Ministral 3B

Mistral AI's smallest open-weight model - 3B parameters, 256K context, Apache 2.0 license, built for edge and cost-sensitive deployments.

Ministral 3B

Ministral 3B is Mistral AI's entry-level open-weight language model, targeting applications where cloud round-trips are too slow, too expensive, or simply not allowed.

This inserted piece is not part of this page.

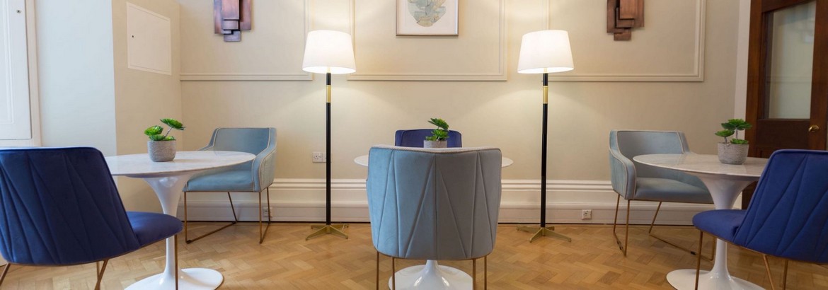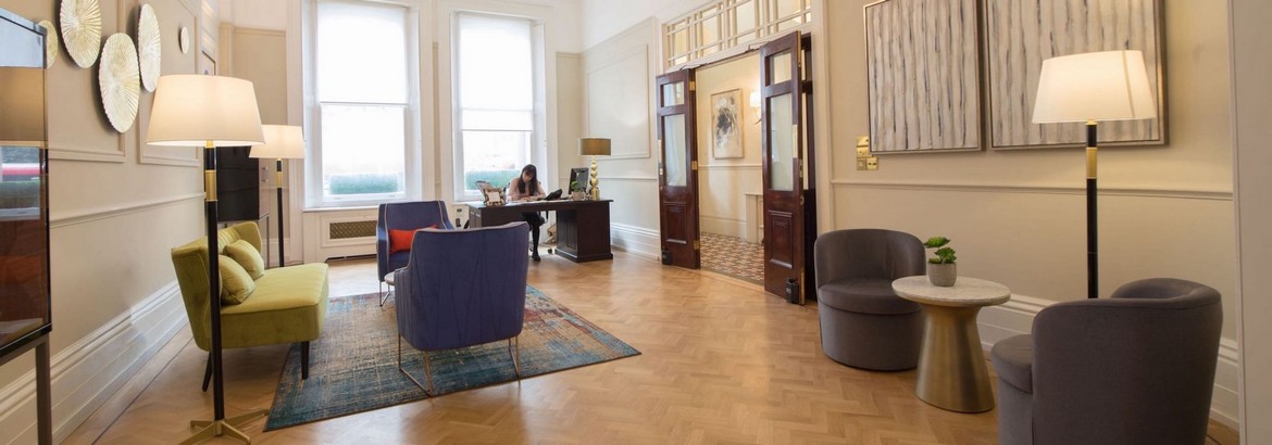 Recognising that Seven Grosvenor Gardens only required small touches to compliment the historic features, we continued with the Victorian theme and used tiling of the same era, as well as grand chandeliers to complete this unique office solution. Check out our London West End area guide for more information about the area.

It sits at the bottom of the Ministral family - sharing architecture decisions with the 8B and 14B variants but fitting comfortably on hardware with 4 GB of VRAM when quantized to 4-bit.

TL;DR

  • Strongest coding and reasoning scores in the sub-4B class, per Mistral's internal benchmarks, though independent tests show a tighter race with Llama 3.2 3B
  • 256K context window and native function calling at $0.04/M tokens input and output
  • Apache 2.0 license means no commercial use restrictions; runs on a single consumer GPU or quantized to a smartphone

Mistral first released the 3B model in October 2024 under a commercial license, targeting on-device translation, offline assistants, and agentic orchestration pipelines where the 3B sits as a cheap router or classifier in front of a larger model. A revised December 2025 release - versioned as Ministral 3 3B (v25.12) - added native image understanding, expanded the context window to 256K tokens, and re-licensed the weights under Apache 2.0. Pricing on the v25.12 API endpoint is $0.10/M tokens; the original ministral-3b-latest endpoint remains available at $0.04/M.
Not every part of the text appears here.